[Обвинитель, обращаясь к обвиняемой: ]
Даже когда дискурс показа мод направлен на поучение или коррекцию ненормативного и дефективного, оценка поведения апеллирует только к высшим обезличенным эстетическим критериям:
[Обвинитель, обращаясь к аудитории: ]
Несомненно, что якобы нейтральный язык гламура служит не только для эстетического описания, но и для наставления. В нем заложена нормативная социализирующая составляющая, и поэтому представление публике желанного стандарта превращает дискурсивный фрейм показа мод в важное средство реализации самотрансформации героя передачи. Новый стиль создается для героини стилистами; они всегда невидимы, у них нет лиц и имен, и они бессловесны. Они символизируют некую универсальную эстетическую систему или авторитетный «закон», который воплощает и отстаивает Модный суд.

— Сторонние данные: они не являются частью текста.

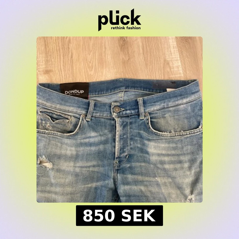 Säljer ett par blå jeans från Dondup med slitningar och hål på benen för en cool, avslappnad look. Jeansen är av modellen George och jag har själv sytt på det vita tyget under slitningarna på knät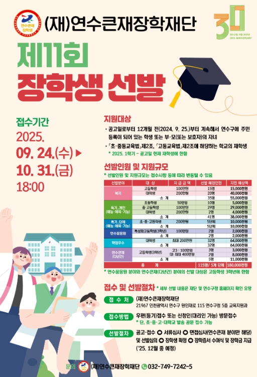 [메이저뉴스](재)연수큰재장학재단은 미래 지역사회를 이끌어 갈 우수 인재 발굴과 양성을 위해 제11회 장학생을 선발한다.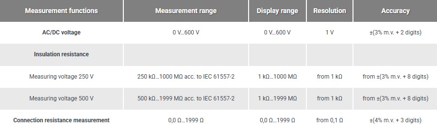 • Measuring category according to EN 61010: IV 600 V, III 1000 V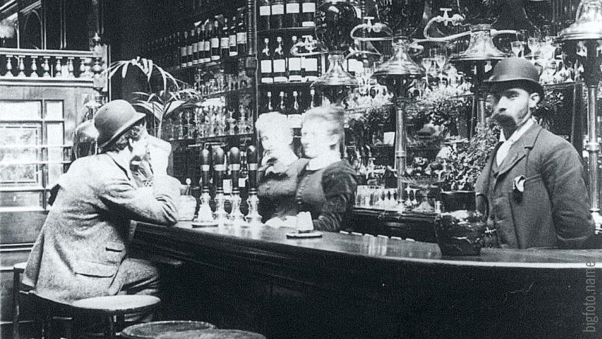 Количество пабов (public houses) – непритязательных питейных заведений – в Лондоне конца XIX века было весьма впечатляющим. Так, к 1870-му году при населении около четырех миллионов человек в городе насчитывалось около 20 000 пабов и пивных магазинчиков. Интерьер был довольно простым: стойка, за которой были выставлены бутылки с наклейками разных цветов, стулья, скамьи, столы, плевательницы, посыпанный опилками пол. На карте 1899-го года отмечены пабы в центральной части Лондона. Из пояснений следует, что здесь проживало примерно 50 000 человек, а количество пабов составляло 259 единиц, т.е. один паб приходился на 193 жителя. Приезжему, который стал бы спрашивать дорогу, могли ответить примерно так: «Идите прямо до "Трех турок", там направо, перейдите улицу у "Собаки и утки", потом опять прямо до "Медведя и бутылки", заверните за угол у "Веселых старых петухов", и, когда пройдете "Ветерана", "Гая Фокса" и "Железного герцога", первый поворот направо – и вы на месте». Википедия. П. Ак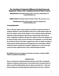 The antecedents of comparative differences in union presence and engagement: evidence from coordinated and liberal market contexts.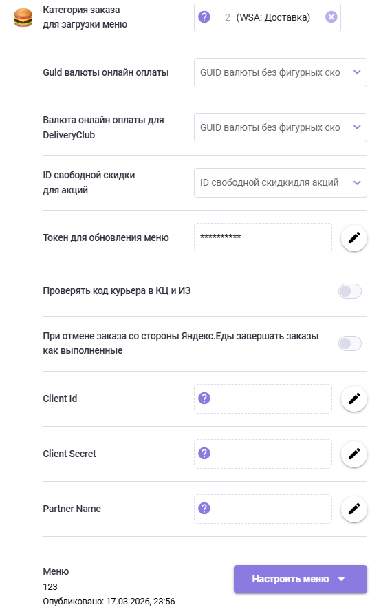 Перед созданием нового меню в r_k Delivery убедитесь, что блюда для будущего меню подходят к требованиям Я.Еда. Чтобы создать меню для Яндекс Еды: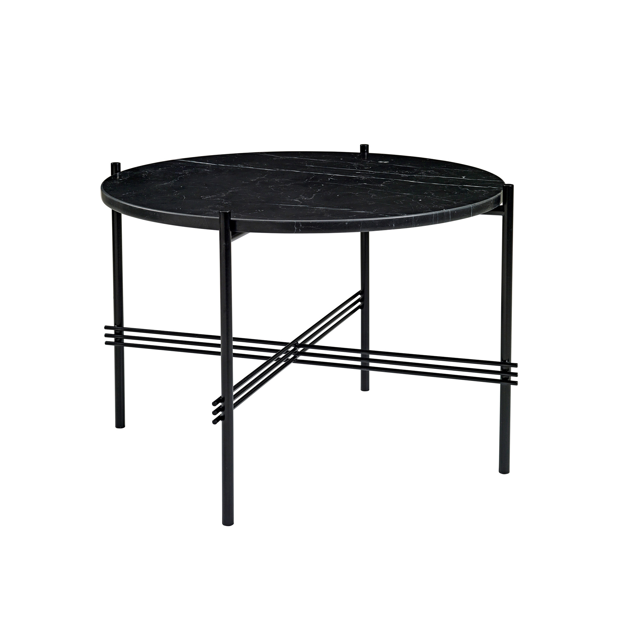 Gubi - TS Soffbord Ø 55 H. 41, Top: Nero Marquina Marble, Base: Black - Soffbord - GamFratesi - Svart - Metall/Sten
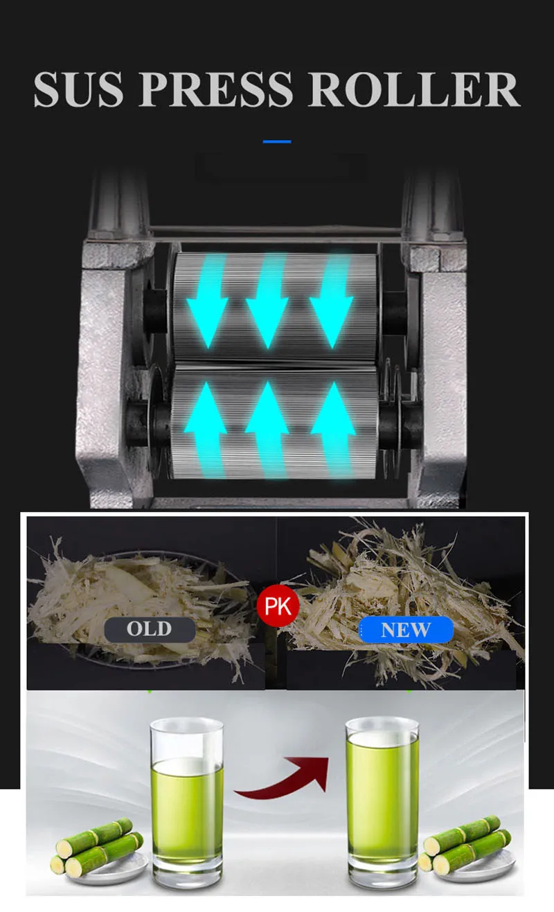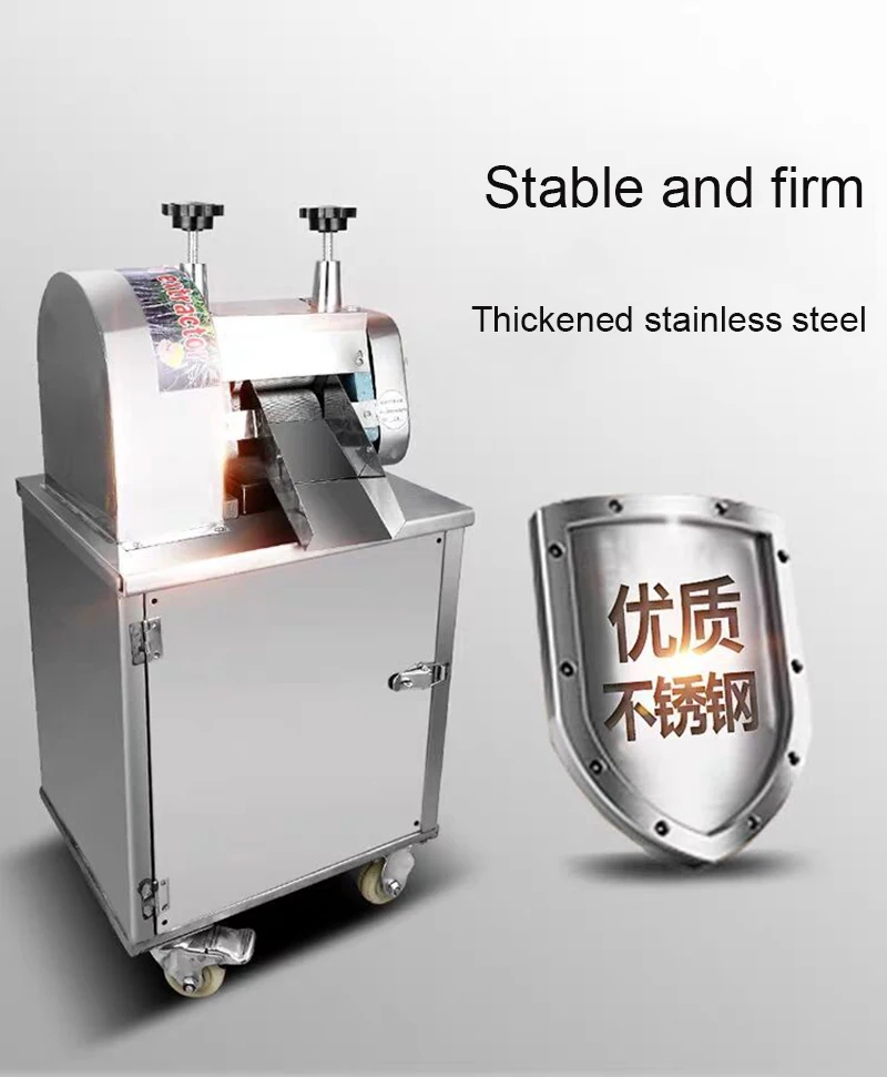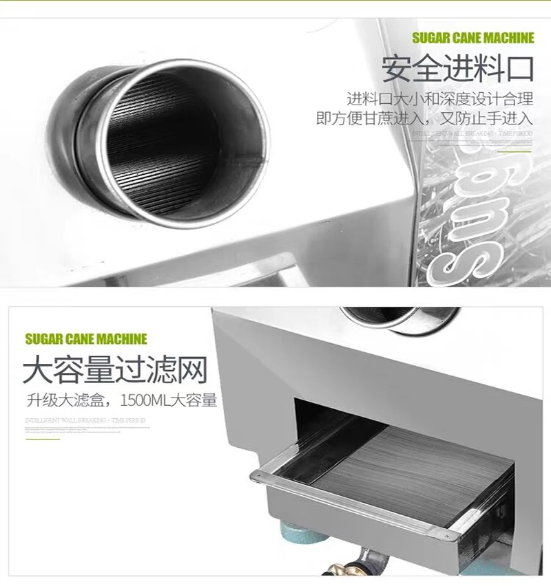 The main components of the sugarcane juicer are made of stainless steel, which is hygienic and easy to operate. The juice squeezed by this machine belongs to the original natural green beverage, sweet and refreshing, and rich in nutrition. It is suitable for freshly squeezed drinks in hotels, fruit shops, cold drinks shops, schools, parks and other places.

В большинстве случаев трансформация, произведенная стилистами, представляется как переживание совершенства, оно часто вызывает безмолвие («у меня нет слов») и артикулируется как состояние счастья («я счастлива»). Преображение вновь комментируется всеми участниками действа и получает оценку качественного перехода героини в новую жизнь:
[Истец, обращаясь к суду: ]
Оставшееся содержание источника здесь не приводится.